#### Task
Every line of the material below must be repeated exactly.

#### Task material
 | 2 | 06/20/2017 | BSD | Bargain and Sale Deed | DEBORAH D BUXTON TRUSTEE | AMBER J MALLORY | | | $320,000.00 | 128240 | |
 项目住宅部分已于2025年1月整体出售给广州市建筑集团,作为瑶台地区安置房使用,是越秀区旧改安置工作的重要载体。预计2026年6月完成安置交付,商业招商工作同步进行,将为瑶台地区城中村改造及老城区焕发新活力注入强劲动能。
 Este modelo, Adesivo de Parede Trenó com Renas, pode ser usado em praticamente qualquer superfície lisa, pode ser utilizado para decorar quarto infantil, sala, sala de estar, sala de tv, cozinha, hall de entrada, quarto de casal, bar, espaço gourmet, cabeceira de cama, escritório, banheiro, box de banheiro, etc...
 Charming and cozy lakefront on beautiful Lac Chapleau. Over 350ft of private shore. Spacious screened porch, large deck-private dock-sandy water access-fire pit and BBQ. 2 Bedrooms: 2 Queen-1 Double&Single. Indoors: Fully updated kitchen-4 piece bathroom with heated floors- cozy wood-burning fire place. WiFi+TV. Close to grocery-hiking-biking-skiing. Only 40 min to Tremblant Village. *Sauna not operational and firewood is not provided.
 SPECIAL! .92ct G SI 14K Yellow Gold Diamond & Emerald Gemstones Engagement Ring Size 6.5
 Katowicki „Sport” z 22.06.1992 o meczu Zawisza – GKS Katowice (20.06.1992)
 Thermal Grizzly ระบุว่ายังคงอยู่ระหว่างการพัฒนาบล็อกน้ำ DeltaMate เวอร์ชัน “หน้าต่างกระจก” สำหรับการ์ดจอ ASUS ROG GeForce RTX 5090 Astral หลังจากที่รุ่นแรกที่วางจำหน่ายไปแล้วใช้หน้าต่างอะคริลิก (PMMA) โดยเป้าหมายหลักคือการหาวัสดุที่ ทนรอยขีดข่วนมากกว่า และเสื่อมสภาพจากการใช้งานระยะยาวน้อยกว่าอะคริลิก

#### Your response
 | 2 | 06/20/2017 | BSD | Bargain and Sale Deed | DEBORAH D BUXTON TRUSTEE | AMBER J MALLORY | | | $320,000.00 | 128240 | |
 项目住宅部分已于2025年1月整体出售给广州市建筑集团,作为瑶台地区安置房使用,是越秀区旧改安置工作的重要载体。预计2026年6月完成安置交付,商业招商工作同步进行,将为瑶台地区城中村改造及老城区焕发新活力注入强劲动能。
 Este modelo, Adesivo de Parede Trenó com Renas, pode ser usado em praticamente qualquer superfície lisa, pode ser utilizado para decorar quarto infantil, sala, sala de estar, sala de tv, cozinha, hall de entrada, quarto de casal, bar, espaço gourmet, cabeceira de cama, escritório, banheiro, box de banheiro, etc...
 Charming and cozy lakefront on beautiful Lac Chapleau. Over 350ft of private shore. Spacious screened porch, large deck-private dock-sandy water access-fire pit and BBQ. 2 Bedrooms: 2 Queen-1 Double&Single. Indoors: Fully updated kitchen-4 piece bathroom with heated floors- cozy wood-burning fire place. WiFi+TV. Close to grocery-hiking-biking-skiing. Only 40 min to Tremblant Village. *Sauna not operational and firewood is not provided.
 SPECIAL! .92ct G SI 14K Yellow Gold Diamond & Emerald Gemstones Engagement Ring Size 6.5
 Katowicki „Sport” z 22.06.1992 o meczu Zawisza – GKS Katowice (20.06.1992)
 Thermal Grizzly ระบุว่ายังคงอยู่ระหว่างการพัฒนาบล็อกน้ำ DeltaMate เวอร์ชัน “หน้าต่างกระจก” สำหรับการ์ดจอ ASUS ROG GeForce RTX 5090 Astral หลังจากที่รุ่นแรกที่วางจำหน่ายไปแล้วใช้หน้าต่างอะคริลิก (PMMA) โดยเป้าหมายหลักคือการหาวัสดุที่ ทนรอยขีดข่วนมากกว่า และเสื่อมสภาพจากการใช้งานระยะยาวน้อยกว่าอะคริลิก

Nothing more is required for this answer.